Women Who Ruled 2020: Black Voters Matter Co-Founder LaTosha Brown

Today we salute the co-founder of Black Voters Matter, LaTosha Brown.

One of the Black female political organizers, who have been in our black communities empowering folks to vote. Due to the hard hitting groundwork, Georgia became a swing state in 2020 after not carrying a Democratic presidential candidate since 1992.

Alongside Cliff Albright, Brown is the co-founder of Black Voters Matter and together they’ve been traveling nationwide reminding folks that “We Got Power.” Brown understands that we hold the power for a better tomorrow and we need to be reminded of that.

“All of it really boils down to the organizing,” she says, “that’s the way that you win elections … organized power.”

Latosha Brown
(Photo by Getty Images/Getty Images for Supermajority)

According to WBUR.org,

Black Voters Matter was founded to organize on the ground and build up infrastructure for Black-led grassroots organizations.
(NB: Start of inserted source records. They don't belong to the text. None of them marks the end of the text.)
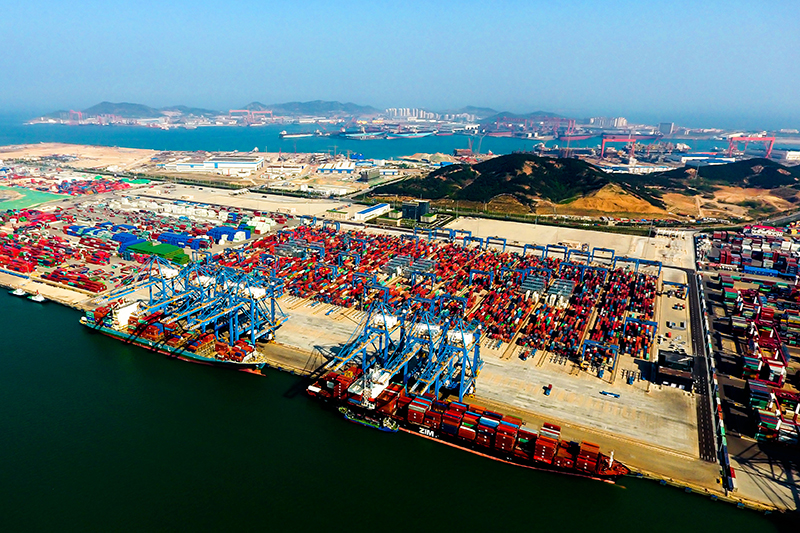 青島港前灣自動化集裝箱碼頭(2018年5月4日攝,無人機照片)。
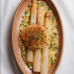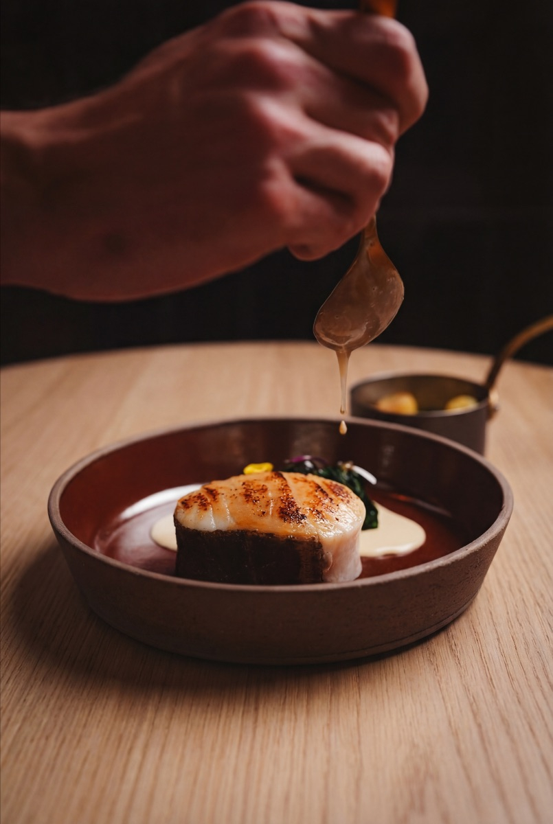 Le pari est délicat entre tradition et multiples influences. Mizaru choisit la voie de l’équilibre celle des repères familiers tout en les déplaçant légèrement. Un vol-au-vent de coucou de Malines se teinte ainsi de Tom kha kai et de galanga, tandis que les croquettes s’habillent de citron confit, de saké ou de nuances d’Asie. Même les escargots s’offrent une relecture inattendue avec miso blanc et focaccia au sésame noir. Résultat ? Une cuisine lisible et généreuse, mais traversée de nuances nouvelles. Rien n’est démonstratif, tout est dans le détail.
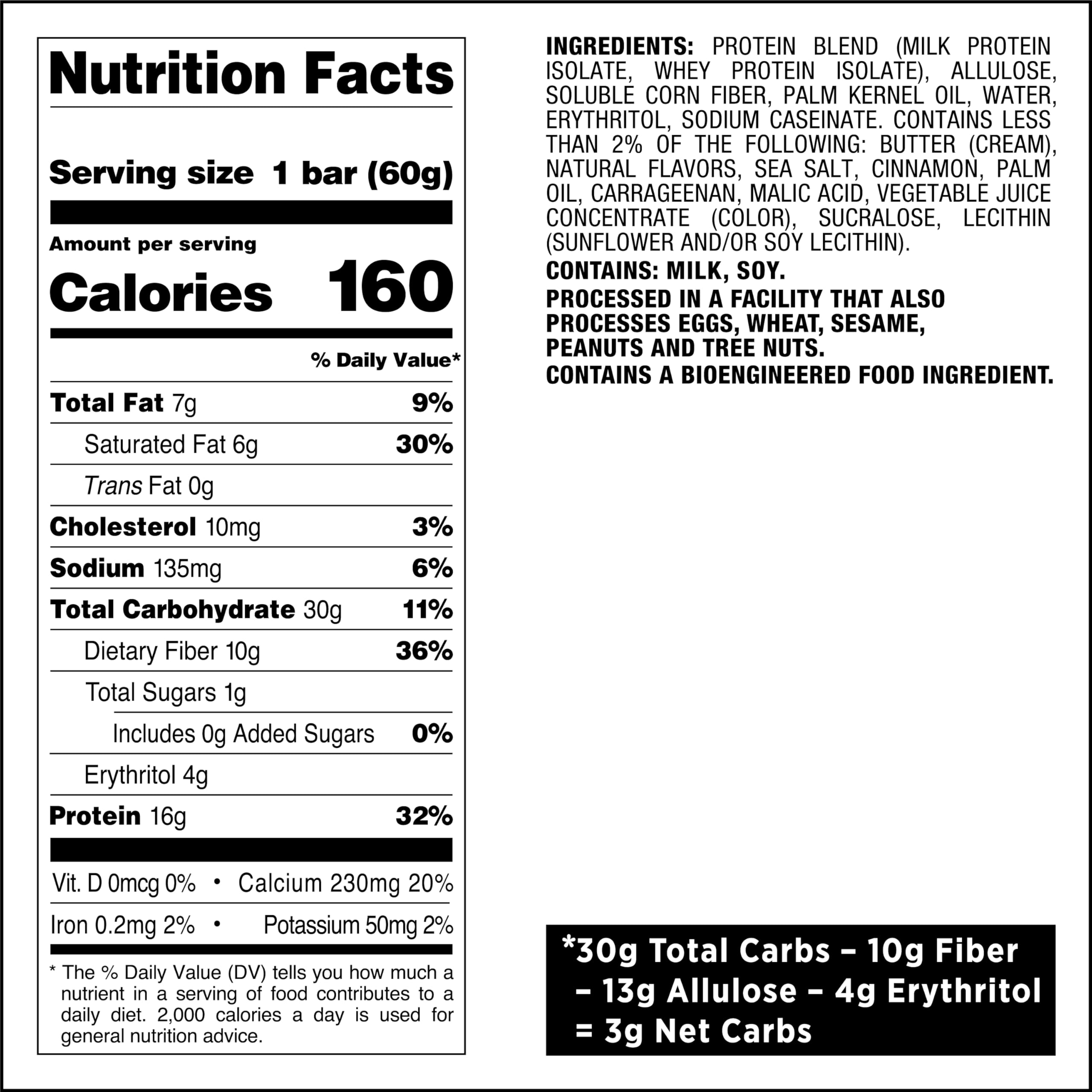 PROTEIN FORWARD. 16g of protein, 1g of sugar, and 3g of net carbs* per serving. Support your fitness goals and enjoy a crispy, chewy protein bar with the irresistibly sweet flavor of blueberry cobbler.
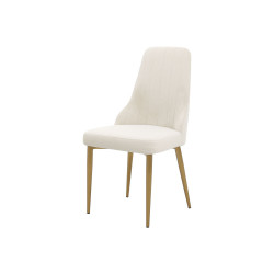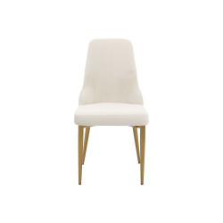This glamorous upholstered chair features gold brushed stainless steel legs paired with a soft, off-white velvet fabric that will add a touch of elegance to any dining room.
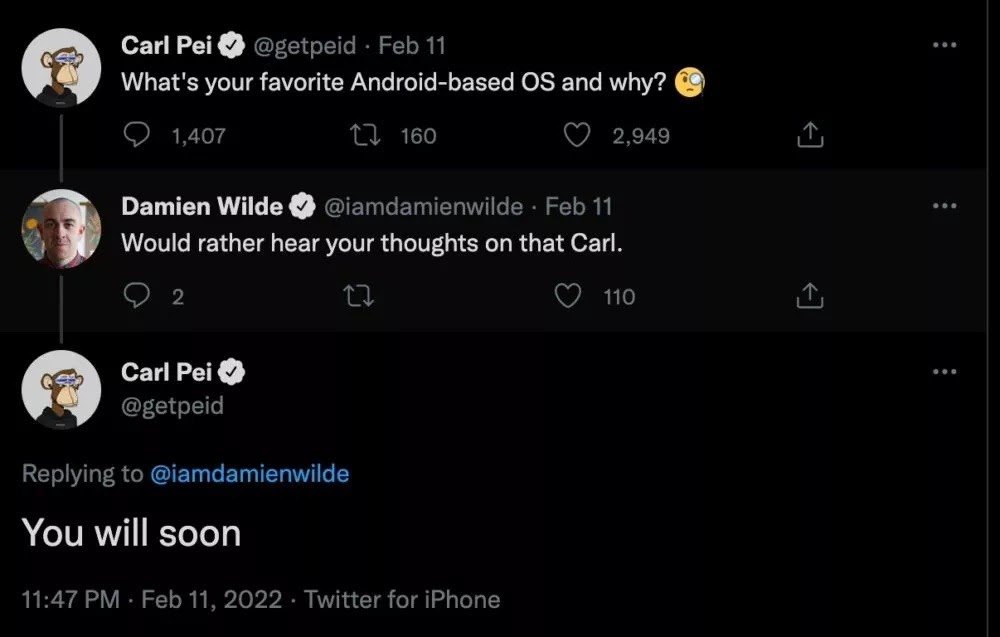 Informaţiile au fost extrase dintr-un interviu cu Carl Pei, unde au apărut detalii despre produse precum accesorii smartphone, power bank-uri, ceasuri inteligente şi brăţări de fitness. Acum Carl a făcut şi câteva postări pe Twitter care duc mai degrabă în direcţia unui smartphone Android. Totul a început cu Pei întrebându-şi followerii de pe Twitter care e versiunea lor preferată de Android. Apoi a scris că "a revenit la Android", primind chiar răspunsuri de la conturile oficiale Android şi Snapdragon.
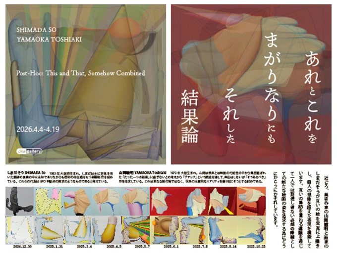 本展は美術作家・山岡敏明と画家・しまだそうによる二人展である。両作家は約1年間にわたり二枚のキャンバスを互いに交換しながら制作を行い、相手の絵の上に自らの筆跡を重ねる「往復書簡」のようなプロセスを通して作品を完成させた。一方が描いた意図をもう一方が読み取り、塗り重ねたり、あえて残したりしながら進められた制作は、対話と侵食を繰り返す共同制作の実験ともいえる。本展では、このプロセスを経て完成した最終的な絵画作品2点を中心に、関連するドローイングやペインティング作品を展示する。二人の作家の異なる表現が交差することで生まれた、予測不可能な視覚的調和と緊張関係を提示する展覧会である。
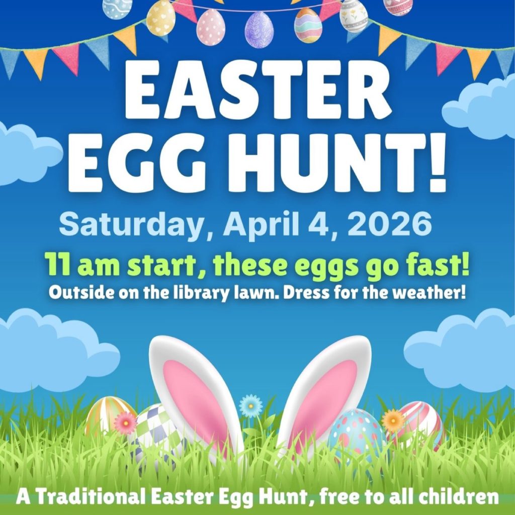 This free event is open to all. Children will receive bunny ears and a basket at check-in before heading out to gather more than 1,000 colorful plastic eggs hidden across the library lawn. Afterward, eggs can be exchanged for prizes, including sidewalk chalk, jump ropes, cat’s cradle sets, and other toys that encourage outdoor play. Local craftsman and woodworker Dennis Kenney has also contributed handcrafted puzzles designed to be lasting keepsakes.

For the past four years, the group has been working with dozens of organizations in every state and investing in local elections. Biden’s success in Georgia comes back to grassroots groups with specific messaging, she says.

LaTosha Brown
(Photo by VALERIE MACON / AFP) (Photo credit should read VALERIE MACON/AFP via Getty Images)

Brown also adds:

“I think we had a message that we tailored to Black voters,” she says, “that instead of having a message that was rooted in fear, we had a message that said, ‘You have power, that you are powerful and that you have agency.’ ”

Black Voters Matter helped 600 Black-led groups by adopting a mobilization strategy that goes beyond voter registration.

“There are some changes that are happening in the South,” she says. “And those changes are driven by people, working-class folks, who are tired of being taken advantage of by the Republican Party.”